Утреннее прощание с Еленой Григорьевной было весьма трогательным. Старушка обняла и поцеловала всех членов отряда, пыталась всучить «на дорожку» пару трехлитровых банок с соленьями (еле отговорили) и напоминала, чтобы не дурили и никого за ней не присылали, «а вот если будете мимо проходить, то непременно жду в гости!».
Черный кот Петька получил свою порцию поглаживаний и почесываний за ухом, но тем не менее относился к пришельцам настороженно. Видимо, отвык от нормальных людей. Упырь его понимал, и не только из-за схожей масти.
Елена Григорьевна клятвенно пообещала, что в магазин будет выходить лишь при самой крайней необходимости, каковая если и наступит, то не скоро.
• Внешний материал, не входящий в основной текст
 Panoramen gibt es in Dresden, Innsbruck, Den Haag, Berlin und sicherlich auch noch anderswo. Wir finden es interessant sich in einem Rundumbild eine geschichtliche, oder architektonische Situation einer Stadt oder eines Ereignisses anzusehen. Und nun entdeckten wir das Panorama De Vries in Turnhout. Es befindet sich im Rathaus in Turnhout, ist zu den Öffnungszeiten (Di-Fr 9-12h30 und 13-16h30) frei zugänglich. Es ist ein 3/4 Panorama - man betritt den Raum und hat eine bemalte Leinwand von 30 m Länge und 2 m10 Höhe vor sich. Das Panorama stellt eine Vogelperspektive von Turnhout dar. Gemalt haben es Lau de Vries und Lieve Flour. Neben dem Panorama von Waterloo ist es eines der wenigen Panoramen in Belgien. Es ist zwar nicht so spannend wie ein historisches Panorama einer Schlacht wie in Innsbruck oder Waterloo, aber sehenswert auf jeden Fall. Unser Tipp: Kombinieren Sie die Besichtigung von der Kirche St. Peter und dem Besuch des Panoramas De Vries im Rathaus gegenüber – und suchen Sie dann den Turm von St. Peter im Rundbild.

Когда они перебирались через Можайку между раскуроченными вчера «слоном» машинами, Упырь оглянулся на дом старушки и неожиданно почувствовал себя одиноким и несчастным.
Похоже, остальные ощущали нечто подобное.
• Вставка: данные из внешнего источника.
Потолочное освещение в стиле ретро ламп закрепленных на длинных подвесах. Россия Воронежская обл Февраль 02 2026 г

– Интересно, а сколько таких бабушек по всей Москве живет… И не только бабушек, – задумчиво произнес Михайловский, то ли действительно сопереживая, то ли прикидывая, а не снять ли фильм и на эту тему. Зритель обрыдается.
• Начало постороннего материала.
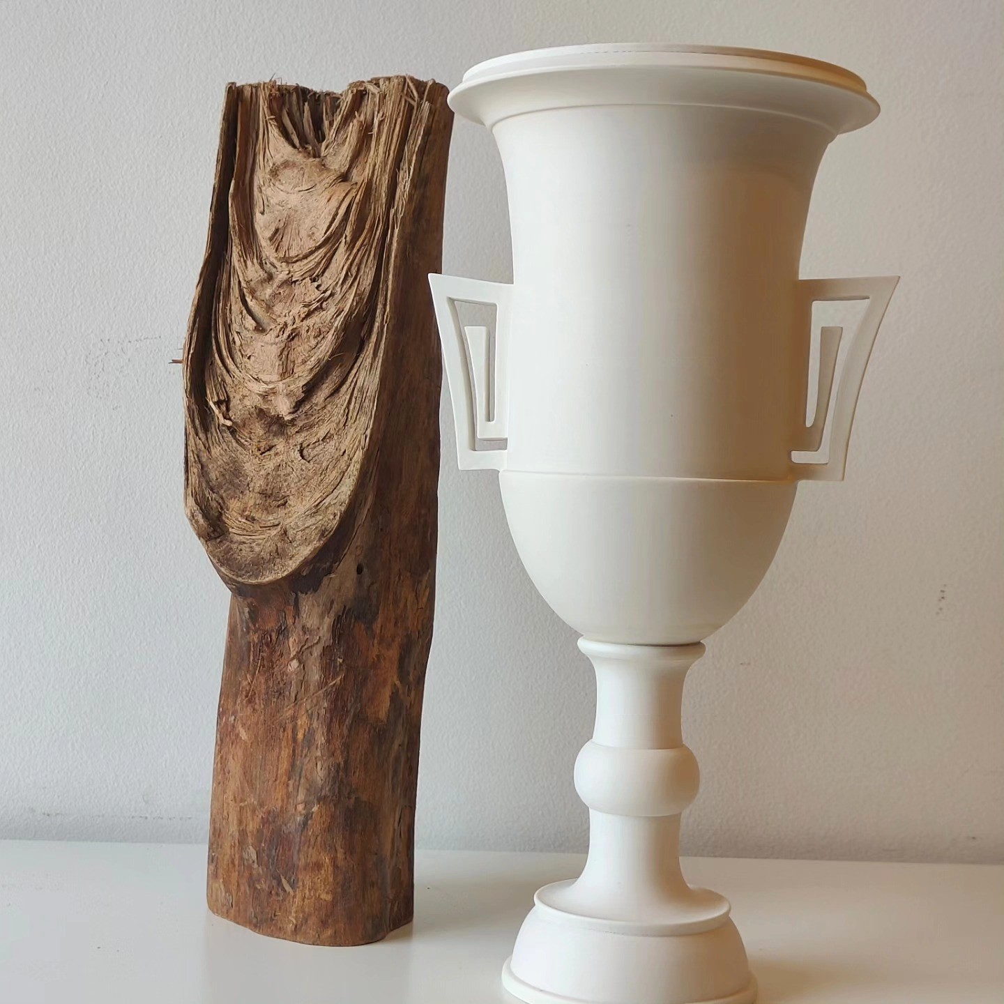 Krater Vase made of white porcelain from the collection “Intimacy in Transition” by Aris Galstyan, Dimensions: 41cm x 21cm.

– Кого-то не успели вывезти, кто-то сам не захотел, – неожиданно поддержал разговор Эдуард. – Когда вернемся, надо поднять этот вопрос. Люди все же. Это негуманно. Правда, Оскар Никитович? Я подготовлю ваше обращение к Государственной Думе, они не смогут не прислушаться к мнению деятеля культуры такого уровня!
– Подумаем, потом подумаем…
– Давайте заканчивать вот с этим «когда вернемся», – нервно сказал Упырь, косясь на раздавленную ногой «слона» медицинскую «Волгу». – Суеверие, конечно, но слишком уж часто я стал это слышать. Планов понастроили… Вон Игорь, который оператор, тоже, наверное, планы строил. Уже мысленно гонорар с премиями тратил.
– Больше не буду, – затряс головой референт.
– То-то же.
Утренний воздух покинутого города был прохладен и свеж. Длиннющая «китайская стена» многоэтажки отбрасывала тень на сквер, по которому они двинулись, форсировав Можайское шоссе. Сквер слегка зарос, причем кое-где обыденные березки и клены были опутаны неприятного вида бурыми лианами, с которых свисало перепутанное мочало.
Впереди виднелась почти пустая парковочная площадка, посередине которой дико выделялся ярко-оранжевый «Хаммер» с аэрографией в виде летящих винтовых истребителей. Кто-то старался, украшал этот огромный и никчемный в общем-то автомобиль. Чтобы он теперь тут поржавел и сгнил, если только особо глупый мародер или брат-сталкер сдуру не заведет и не попытается уехать.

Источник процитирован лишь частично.